In the above demonstration, set <mount-image> to the mount image, and the debug command will create a pod dedicated for interactive debugging, you'll try to reproduce and resolve the issue in this debug pod.

After troubleshooting, don't forget to clean up:

kubectl -n <namespace> delete po jfs-mount-debug

Performance issue

When performance issues are encountered when using CSI Driver, with all components running normally, refer to the troubleshooting methods in this section.

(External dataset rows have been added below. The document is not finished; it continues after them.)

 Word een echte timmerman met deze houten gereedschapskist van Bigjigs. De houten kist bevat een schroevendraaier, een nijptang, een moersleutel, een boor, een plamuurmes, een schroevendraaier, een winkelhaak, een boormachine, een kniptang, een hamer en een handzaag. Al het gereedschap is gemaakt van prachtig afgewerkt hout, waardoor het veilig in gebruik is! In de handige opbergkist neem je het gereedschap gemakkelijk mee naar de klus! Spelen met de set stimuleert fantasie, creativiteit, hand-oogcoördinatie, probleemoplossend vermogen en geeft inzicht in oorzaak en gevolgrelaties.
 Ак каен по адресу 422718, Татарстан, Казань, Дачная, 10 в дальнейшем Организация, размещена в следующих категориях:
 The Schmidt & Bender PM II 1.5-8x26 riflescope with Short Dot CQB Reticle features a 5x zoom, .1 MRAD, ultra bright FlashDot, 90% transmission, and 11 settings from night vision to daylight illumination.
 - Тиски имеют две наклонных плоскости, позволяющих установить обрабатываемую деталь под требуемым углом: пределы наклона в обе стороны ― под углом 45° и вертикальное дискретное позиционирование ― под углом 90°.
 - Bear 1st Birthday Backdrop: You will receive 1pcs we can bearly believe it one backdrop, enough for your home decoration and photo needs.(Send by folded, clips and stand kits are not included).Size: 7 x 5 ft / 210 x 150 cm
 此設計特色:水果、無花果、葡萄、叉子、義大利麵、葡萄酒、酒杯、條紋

Check Real-time statistics and access logs

Under JuiceFS file system root, there are some pseudo files that provide special debugging functionality, assuming JuiceFS is mounted on /jfs:

Obtaining file system access log for application pods can be wearisome, you'll need to first locate the mount pod for the application pod, and then enter the mount pod to run the corresponding commands, use csi-doctor.sh get-oplog APP_POD_NAME command to avoid the toil below.

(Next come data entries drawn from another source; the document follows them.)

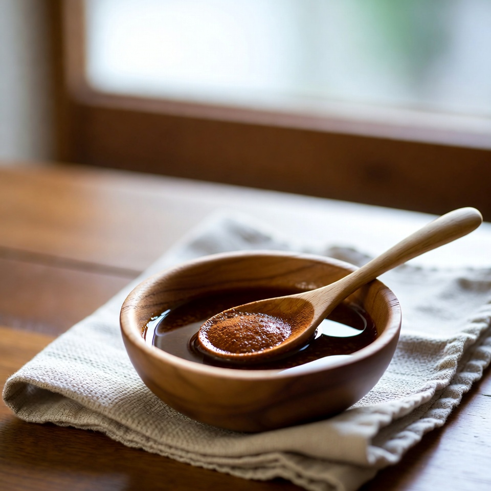 - シナモンパウダーを加え、ダマがなくなるまで混ぜて均一なペースト状にします。
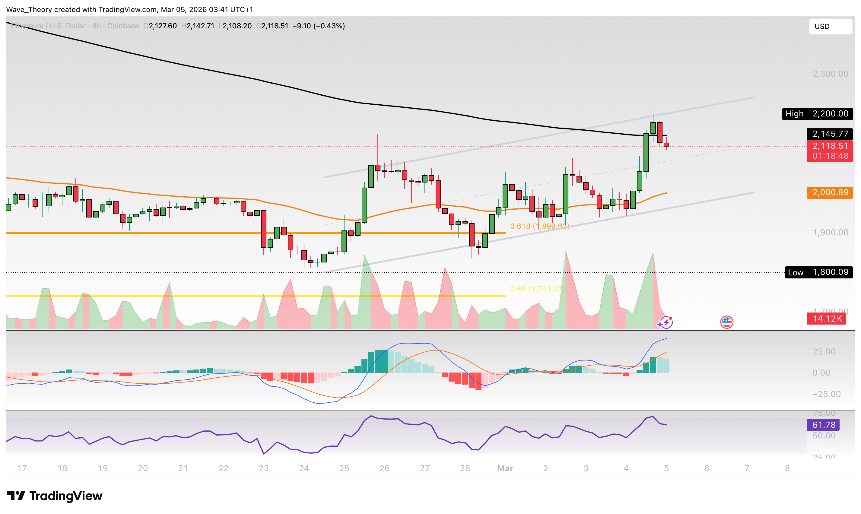 Im 4H-Chart bewegt sich ETH in einem parallelen Aufwärtskanal mit Unterstützung um 2.000 USD und Widerstand bei 2.145 USD.
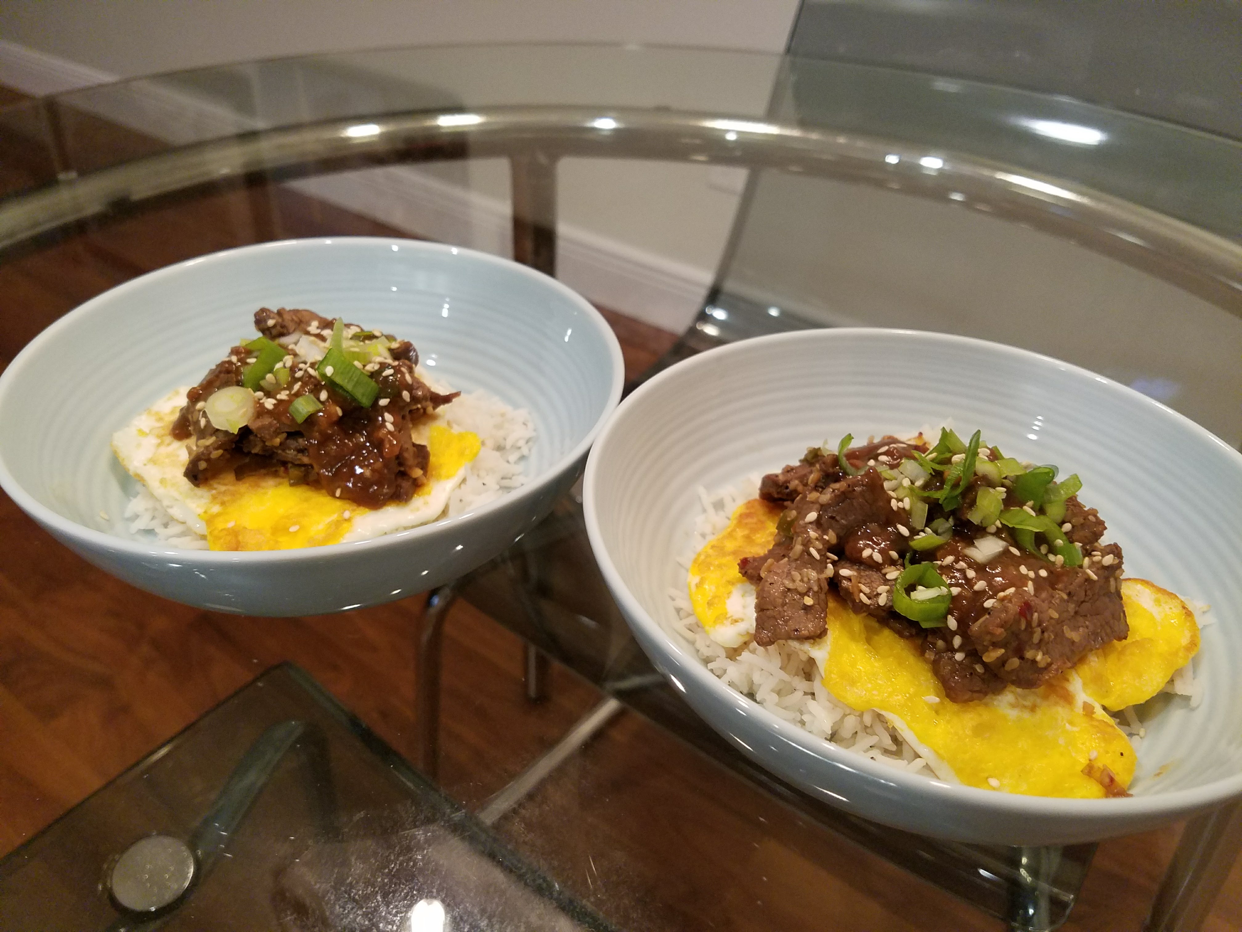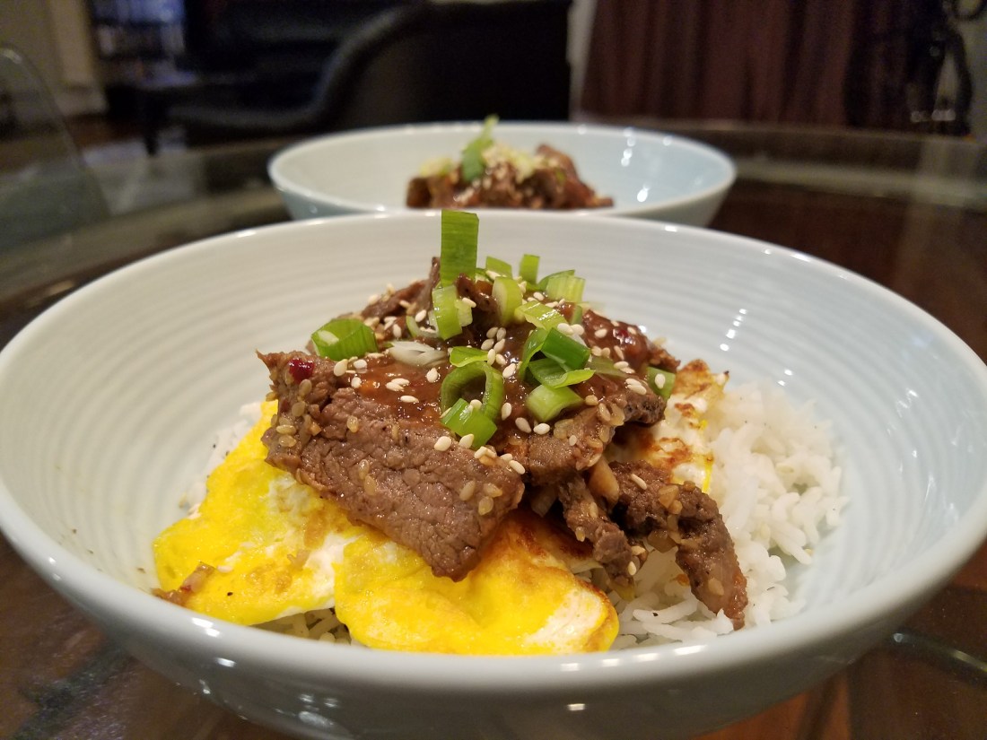 - For my plating style, I went with putting the steak strips onto a bed of jasmine rice, coupled with a fried egg. A few spoonfuls of sauce went on top of the meat, followed by some chopped scallions and sesame seeds for the garnish.

Inside mount pod, JuiceFS root is mounted at a directory that looks like /var/lib/juicefs/volume/pvc-xxx-xxx-xxx-xxx-xxx-xxx, and then bind to container via the Kubernetes bind mechanism. So for a given application pod, you can find its JuiceFS mount point on host using below commands, and access its pseudo files:

# Application pod information will be used in below commands, save them as environment variables.
APP_NS=default # application pod namespace
APP_POD_NAME=example-app-xxx-xxx

# If application pod uses multiple PVs, below command only obtains the first one, adjust accordingly.
PVC_NAME=$(kubectl -n $APP_NS get po $APP_POD_NAME -o jsonpath='{..persistentVolumeClaim.claimName}' | awk '{print $1}')
PV_NAME=$(kubectl -n $APP_NS get pvc $PVC_NAME -o jsonpath='{.spec.volumeName}')

# Find host mount point via PV name
df -h | grep $PV_NAME

# one-liner to enter host mount point
cd $(df -h | grep $PV_NAME | awk '{print $NF}')

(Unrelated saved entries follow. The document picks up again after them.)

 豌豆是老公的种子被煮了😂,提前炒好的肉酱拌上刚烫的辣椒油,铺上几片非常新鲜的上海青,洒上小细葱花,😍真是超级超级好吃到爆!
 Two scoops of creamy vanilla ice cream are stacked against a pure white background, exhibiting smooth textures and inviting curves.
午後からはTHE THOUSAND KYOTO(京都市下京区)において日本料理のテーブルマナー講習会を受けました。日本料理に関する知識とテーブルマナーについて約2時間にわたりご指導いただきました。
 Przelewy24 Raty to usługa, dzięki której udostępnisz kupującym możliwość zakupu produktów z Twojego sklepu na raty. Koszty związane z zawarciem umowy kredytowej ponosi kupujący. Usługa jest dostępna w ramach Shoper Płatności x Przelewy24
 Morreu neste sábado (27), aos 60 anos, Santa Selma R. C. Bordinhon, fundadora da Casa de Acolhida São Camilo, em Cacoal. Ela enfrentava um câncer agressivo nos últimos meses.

# print pseudo files to start debugging
cat .accesslog
cat .stats

This sections only covers finding pseudo files in JuiceFS CSI Driver, troubleshooting using these information is a separate topic, see:

Seeking support

If you are not able to troubleshoot, seek help from the JuiceFS community or the Juicedata team. You should collect some information so others can further diagnose.

Use the diagnostic script to collect related information, assuming the application pod being my-app-pod, in namespace default, run:

$ ./csi-doctor.sh collect my-app-pod -n default
Results have been compressed to my-app-pod.diagnose.tar.gz

All related Kubernetes resources, logs, and events are collected and packaged into a tar file, send this file to relevant people for further support.